Sem-teto

O alemão Oliver Guenay vive com a cabeça no ar.

por Kátia Lessa Luís Roberto Formiga em

O alemão Oliver Guenay vive com a cabeça no ar.

E os pés também: há 20 anos ele cruza os céus de todo o mundo morando em seu paraglider.

Os ventos que guiam o alemão Oliver Guenay, 46, não podem soprar em direções incertas. Durante oito meses por ano ele passa a maior parte do dia no ar. Viaja o mundo com 14 quilos de equipamentos de vôo, 2 quilos de roupas e outros 2 de material fotográfico. “Sou um skytrekker”, ele se apresenta. Um homem que explora a terceira dimensão sem ajuda do motor. O veículo é o paraglider, e o destino é sempre uma região desconhecida.

Antes de se jogar de cabeça na vida de viajante profissional, Oliver estudou seis anos na Universidade de Munique. Tentou se encontrar nos cursos de meteorologia e geografia, em filosofia clássica e literatura inglesa. Mas a direção estava errada. Largou a universidade e deixou o país para mudar totalmente de vida. “Resolvi me tornar meu próprio professor e passei a ganhar a vida como guia de montanhas”, lembra. Além de guia, o cara se tornou profissional de ski e escalada em Chamonix, na França. Durante as expedições, começou a fotografar e escrever sobre as experiências para revistas alemãs.

Um belo fim de tarde, viu um paraglider planando no Mont Blanc. Dia seguinte, ligou para um grande fabricante da asa em Lyon e na cara-de-pau pediu um equipamento, alegando que tinha um projeto na manga. Aprendeu a manejar tudo sozinho. Se isolou em uma montanha austríaca no vale de Zillertal e, a partir desse dia, não parou mais de viajar. Hoje conhece 70 países. Sobrevoou os arredores de Corfu Island, cruzou Índia, Myanmar, Rio de Janeiro, Patagônia e muitos outros lugares.

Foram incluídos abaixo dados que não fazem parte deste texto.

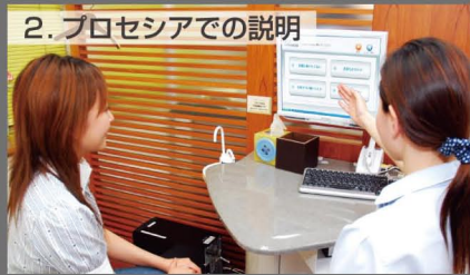
2. プロセシアでの説明 先生や衛生士さんが患者さんと一緒にプロセシアの画面を見ながら質問に答えています。
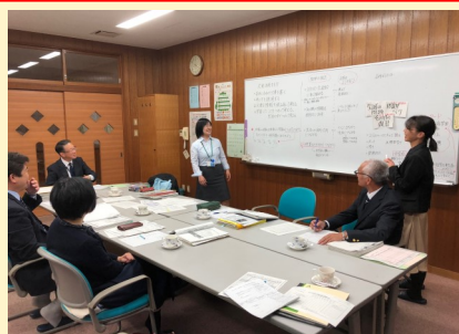
町教育会教務主任会 (八頭中学校区)

本事業実施校では、各市町の教育委員会担当者が推進リーダーとなり、各校の担当で構成する「推進チーム」が協議を重ねながら、中学校区の課題の解決に向けた実践を進めています。中学校区で課題を共有し、学校や地域の強みを生かしながら、課題解決に向けた実践を検討していきます。

“Eu já fiz diversos vôos duplos e notei que as crianças mudavam de comportamento depois de observar o lugar onde moram de um ângulo diferente. Muitas nunca viram um homem voar. Nem em filme!”

Entre nuvens

“É um processo solitário. Fico muito tempo longe das outras pessoas, e quando desço nos vilarejos ou cidades tento conversar com os locais. Mas muitas vezes a língua dificulta as coisas”, contou ele à Trip por celular, direto de uma montanha na Bavária. “Uma vez sobrevoei o Rift Valley, na Tanzânia. Depois do pouso, a vila toda estava ao meu redor. Tentavam entender o que era aquele homem chegando do céu. Todos sorriam, mas eu não entendia uma palavra do que eles diziam”, lembra.

A obsessão virou projeto de vida. Além de fotografar e escrever sobre suas experiências (são sete livros, infelizmente todos apenas em alemão), ele montou dois projetos paralelos. Um deles é levar a crianças carentes de 12 países a magia do vôo humano. “Já fiz diversos vôos duplos e notei que as crianças mudavam de comportamento depois de observar o lugar onde moram de um ângulo diferente. Muitas nunca viram um homem voar. Nem em filme! De lá de cima, tudo parece menor... as diferenças entre as pessoas somem, os problemas diminuem, assim como a paisagem. Encaro isso como uma missão de educação”, conta, embevecido.

Quando não está viajando nas vias aéreas, por volta de oito meses todo ano, fica de maio a agosto em casa, na Bavária, onde dá aulas de vôo avançado para pilotos e trabalha em seus livros – às vezes é visitado pela filha, que mora no Chile. Para se deslocar de um pico de montanha a outro, Oliver já usou de tudo. Trens, carros, cavalos, caiaques e até solas de sapatos.

“De lá de cima, tudo parece menor... as diferenças entre as pessoas somem, os problemas diminuem”

“Se não posso usar o paraglider ou se as condições de vôo não são favoráveis, apelo para esses transportes tradicionais. Mas me sinto seguro mesmo é no céu”, ri. Nesses 20 anos aéreos, só tomou um susto. Numa tarde de planagem, o paraglider colidiu com uma asa-delta dupla. O tombo foi feio. “Despenquei de 500 metros de altura e sobrevivi. Foi quase um milagre. Mas isso não é nada perto de tantas outras passagens lindas que já vi na vida, próximo às nuvens.”

A mais bonita, ele diz, foi em 1999. “O céu estava absolutamente azul, o dia ensolarado. Minha namorada na época e eu resolvemos cruzar os Alpes da Alemanha à Itália. Foi especial... Imagine o que é ficar a 5 mil metros de altura, totalmente conectado com a natureza, um silêncio que transmite uma paz sem igual, a mulher que você ama ao seu lado... Ainda não achei coisa melhor para fazer nesta vida!”